糖尿病や高血圧など多くの病気は.腎臓の機能を低下させ.最終的には腎臓の代替療法(透析や腎臓移植)を行わなければならないこともあります。
腎臓腫瘍の治療でも同様に.腎臓全体または一部を切除するため.腎臓の機能に影響を与えることもあります。
腎臓腫瘍の手術後の腎機能の低下量は.摘出した腎臓組織の量と密接な関係があり.失った腎臓の量が多いほど腎機能が低下することが確認されている研究結果もあります。
そのため.腎臓の機能をできるだけ失わないように.腎臓の組織をできるだけ温存することになります。
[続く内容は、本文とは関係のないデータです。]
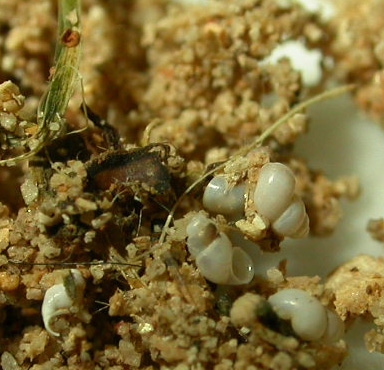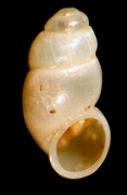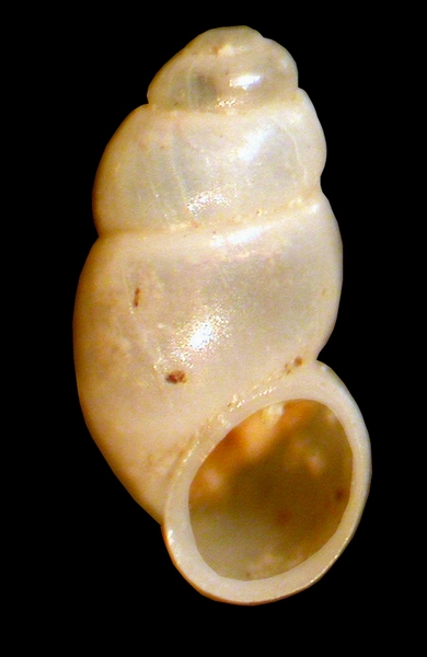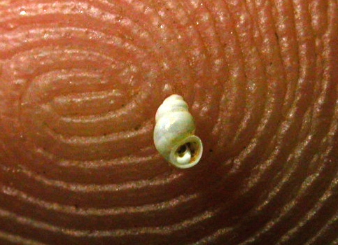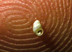 Belgrandiella saxatilis est une des plus petites espèces de la famille des Hydrobiidae. Une coquille de juvénile est visible sur cette photo, coincée dans l'ouverture de l'adulte.

例えば.腎臓の表面にある小さな腫瘍(図1.画像提供:クリーブランド・クリニック)に対しては.腫瘍を切除して腎臓を温存する腎臓温存手術を試みます。
こうすることで.腫瘍のある腎臓に残っている正常な腎臓組織が.老廃物を排泄する役割を果たすことができるのです。
腫瘍が大きく.腎臓の血管の近くにある場合(図2.画像提供:クリーブランドクリニック)には.腎臓温存手術が試みられることもありますが.それに応じて腎臓温存失敗や出血や尿漏れなどの合併症のリスクも高まります。  ですから.腫瘍をきれいに切って安全に手術を行いながら.腎臓の組織をできるだけ残すというのが.今の腎臓腫瘍治療の原則だと思います。  私は現在.アメリカのクリーブランドクリニックに留学していますが.ここは全米でもトップクラスの泌尿器科で.今年も全米1位となり.一番の特徴は腎臓癌温存手術です。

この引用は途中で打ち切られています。